ラテックスプリンターはとにかく幅広く使える!
様々なメディアに印刷可能
屋外の看板やタペストリーや電飾看板など様々な素材に印刷できるラテックスプリンターですが、実際はどんなメディアに対応しているのでしょうか?溶剤プリンターが主流となっている分野でも活躍できる幅広さが魅力のラテックスプリンターは今後さらなる発展の可能性を秘めています。ではその実力とはどのようなものなのか見ていきましょう。
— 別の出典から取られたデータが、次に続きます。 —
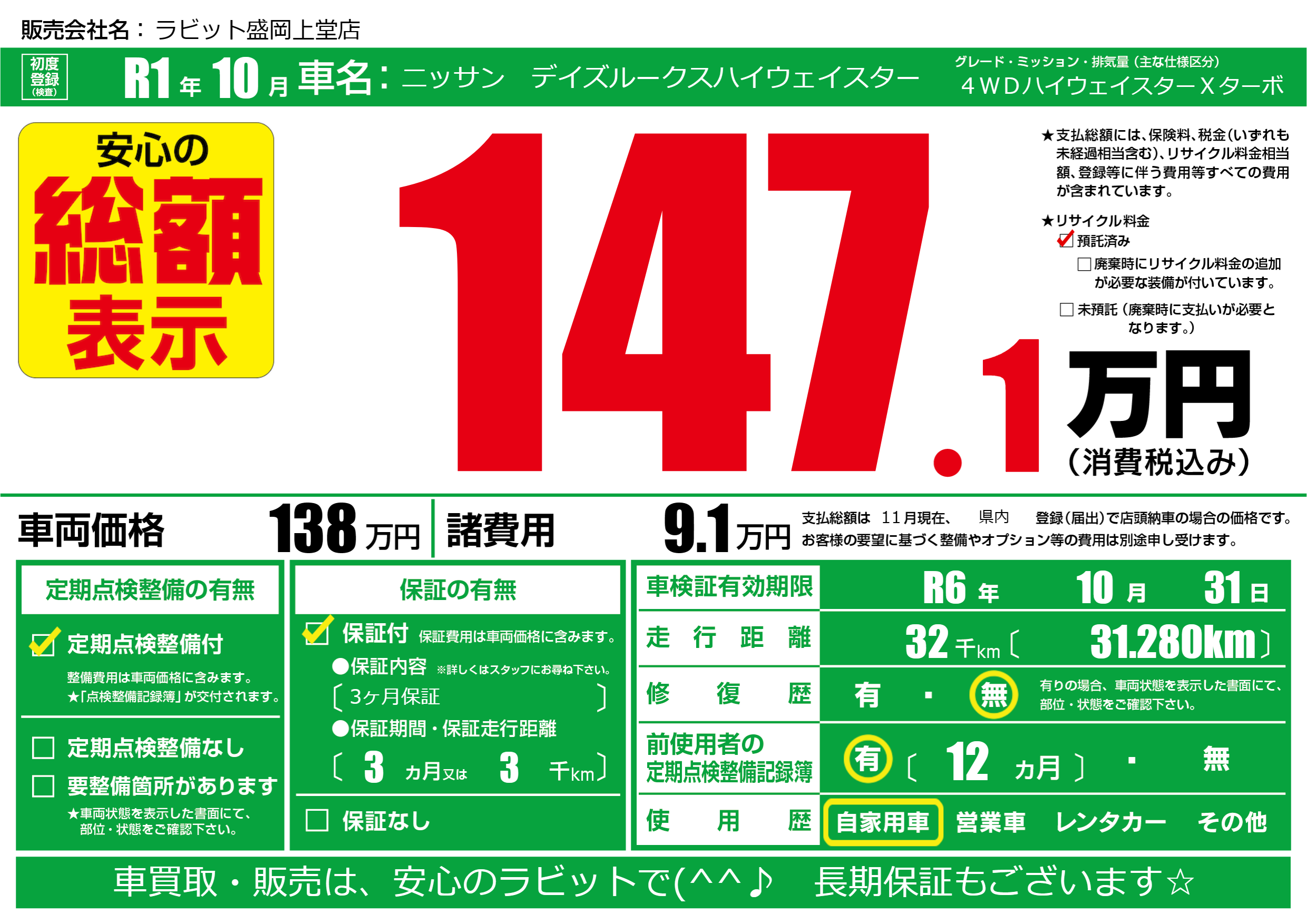 | 走行キロ | 3.2万km | 初年度登録 | R1年10月 |

ラテックスプリンターはどんなメディアに対応している?
ラテックスインクの中に含まれている主な成分として、水・ラテックス(ポリマー)・顔料・抗スクラッチ材の4つがあります。印刷の仕組みは、インクを塗布した後、ドライヤーで熱をかけて水分を蒸発させます。するとインクに含まれるラテックスが溶けて顔料と一緒に薄膜を作り出すと同時に、抗スクラッチ材でコートされます。この仕組みのおかげで印刷する素材表面に受理層がなくても、幅広いメディアに対応できることが多い、という訳なのです。
では、具体的にどんなメディアに対応しているのかを使用例と合わせて見ていきましょう。
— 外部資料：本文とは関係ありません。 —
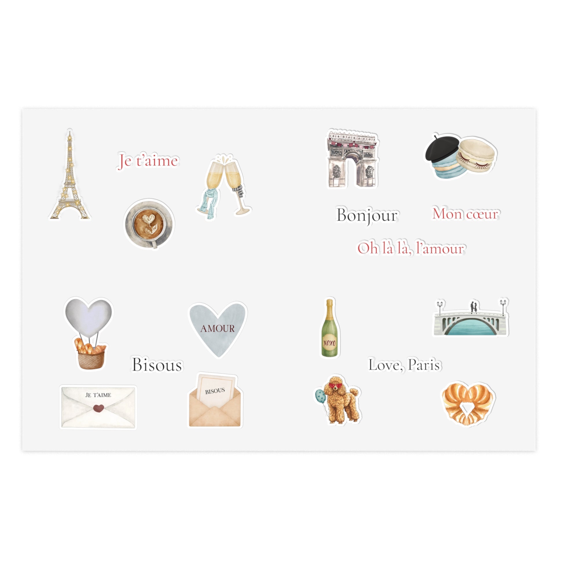 Each sticker sheet features dainty illustrations (Eiffel Tower, Arc de Triomphe, clinking champagne flutes, and colorful macarons)
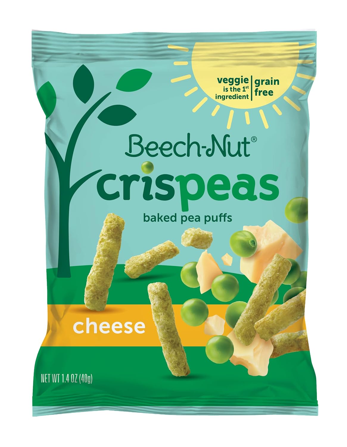 Beech-Nut Cheese Crispeas are a crunchy, savory snack your toddler will love to munch on at home or on the go. With veggies as the first ingredient, this baked toddler snack is a fun way to add more veggies to your tot's diet. Crispeas are grain free, gluten free, and non-GMO. As a stage 4 snack, this snack is ideal for children 12 months and up. This product should only be fed to seated, supervised children who are accustomed to chewing solid foodsVeggie is the first ingredientāmade with 85% pea flourPerfect size and texture for self-feeding toddlersNo artificial preservatives, colors or flavors and no added sweetenersGluten-Free & non-GMO (made with ingredients that are not genetically modified)
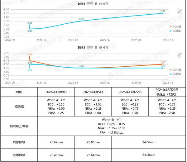 然而,由于对“视功能” 相关问题的认知尚不够深入,干预被暂时搁置了。直到2025年4月复查时,详细检查后,结果敲响了警钟——阳阳的视功能检查数据显示呈进行性下降,尤其是同视机检查发现,他双眼的集合功能远低于正常值。这意味着他的双眼在阅读时无法有效对准近处目标,容易产生疲劳。医生建议必须要进一步做近视管理:光学干预+视觉训练,以挽救不断下滑的视功能。
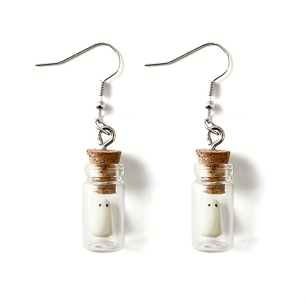 1 Pair Halloween Glowing Ghost In The Drift Bottle Earrings Gothic Charm Cartoon Style Glows In The Dark
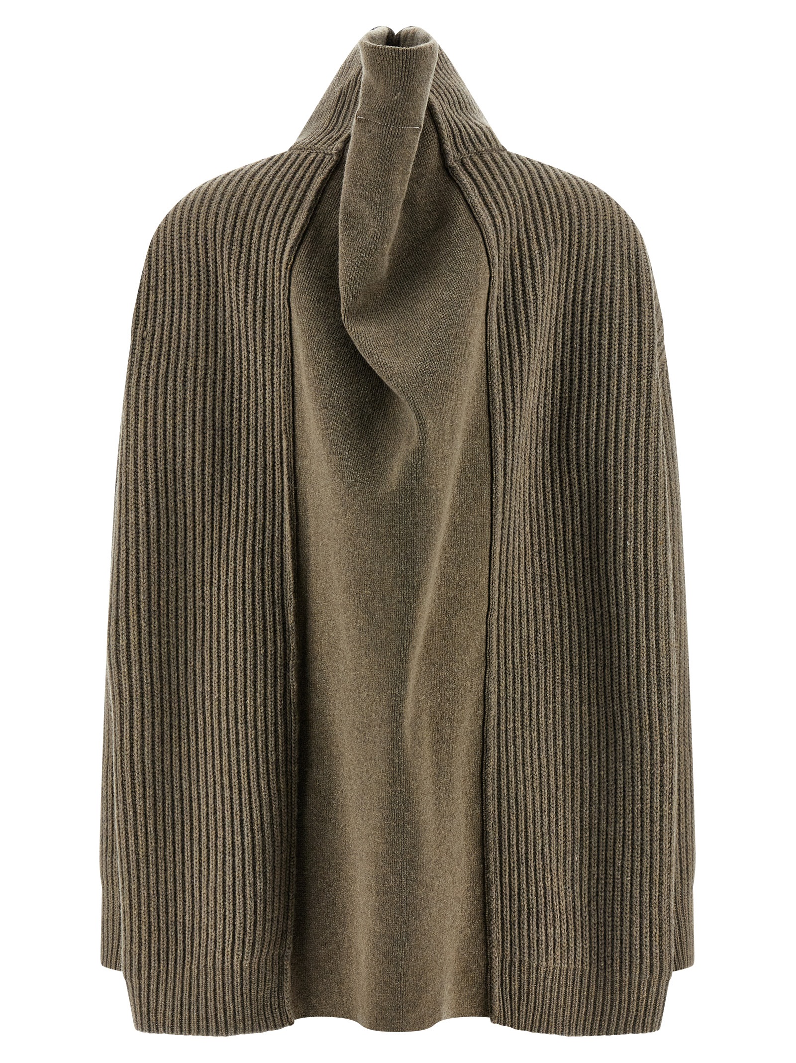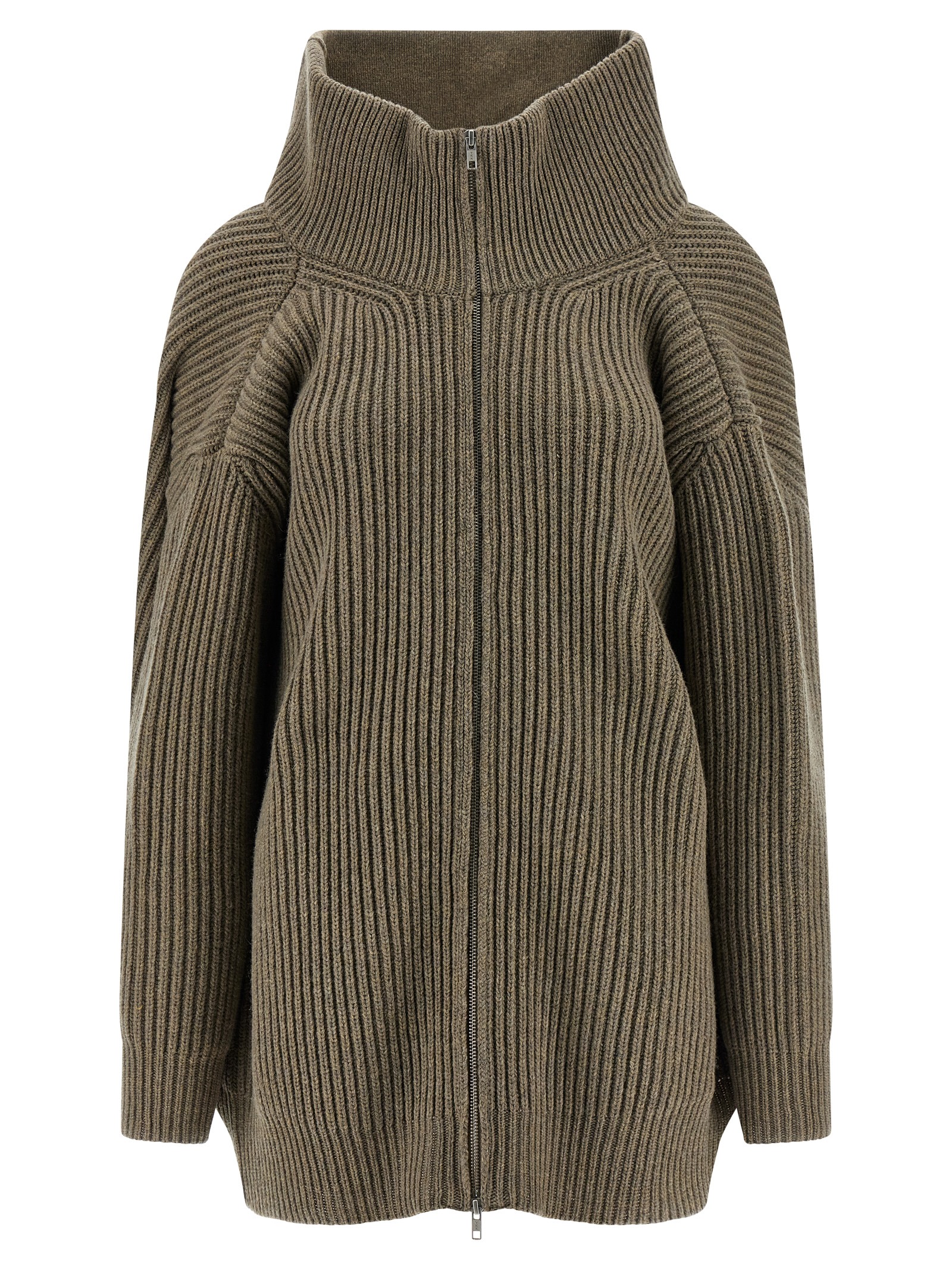 Ribbed wool knit cardigan, high neck, front zip closure, long sleeves with cuffs and dropped shoulder, tone-on-tone stretch knit back panel to adjust the width, 'White stitch line' at the back.

● ファブリックメディア … タペストリー、オーニング、カーテン、ロールスクリーン
● ターポリン … ビルボード、イベントバナー、スタンドバナー、テント、足場シート、車両幕
● 塩ビ … 屋外サイン、屋内サイン、車両ラッピング、シール
● PET … 欄間看板、電飾サイン、ウィンドウ装飾、柱巻サイン
● 合成紙 … ポスターシート、表題紙
こうしたメディアの他にもノンコート紙やウィンドウ装飾用透明素材、壁紙、和紙、合皮などにも印刷できます。
「塩ビといえば溶剤」ではない!
ラテックスこそ塩ビに適したプリンター
塩ビメディアに溶剤プリンターが使用されていたのには、耐候性に優れており屋外向きの印刷方法として活用してきたという歴史があります。また、インクが定着するための受容層として塩ビフィルムが使われている事から分かるように、有機溶剤を吸収できる非常に相性の良い組み合わせでもありました。
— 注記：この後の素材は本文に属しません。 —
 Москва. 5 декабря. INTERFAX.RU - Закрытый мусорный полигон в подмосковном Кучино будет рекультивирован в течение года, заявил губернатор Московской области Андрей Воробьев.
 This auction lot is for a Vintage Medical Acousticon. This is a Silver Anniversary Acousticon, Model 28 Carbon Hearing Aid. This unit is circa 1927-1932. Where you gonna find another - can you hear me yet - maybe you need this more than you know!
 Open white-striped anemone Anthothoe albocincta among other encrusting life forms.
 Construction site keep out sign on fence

しかし、溶剤プリンターで使用しているインクには有機溶剤特有の強い刺激臭があり、環境や人体に悪影響を及ぼす成分が含まれています。この点については印刷業界でも問題視されており、近年では低刺激なものが主流になりました。ちなみにUVプリンターは撥水性のある素材にはあまり向かないので、塩ビとの相性はあまり良くないため使われることは少ないようです。
ラテックスプリンターで使用しているインクには、これらが含まれないため無害で環境にも配慮されています。印刷物の表面を溶かしていない分縮みにくく、匂いや有害物質の心配がないため屋内の作業でも強制換気の必要はありません。デリケートな環境を必要とする医療機関や教育機関、飲食店などでも安心して使えるので、塩ビのプリントにもラテックスプリンターが広まっています。
無臭で安全、だから室内用途でも安心!
ラテックスインクは無臭で有害物質の心配もないため、屋内施設でも安心して利用できます。また、引火性のある有機溶剤が含まれていないため燃えにくく防火対応の製品にも広く使われています。例えば、防火壁紙や防炎タペストリーやのぼりなど、建築基準法や消防法などによって防炎対応しているものを使用しなければならない飲食店などでも使用可能です。なおかつ、印字品質が高いため内装などのデザイン性を損なう事もありません。このことからラテックスプリンターでの大判印刷は安心・安全な印刷方法だと言われているのです。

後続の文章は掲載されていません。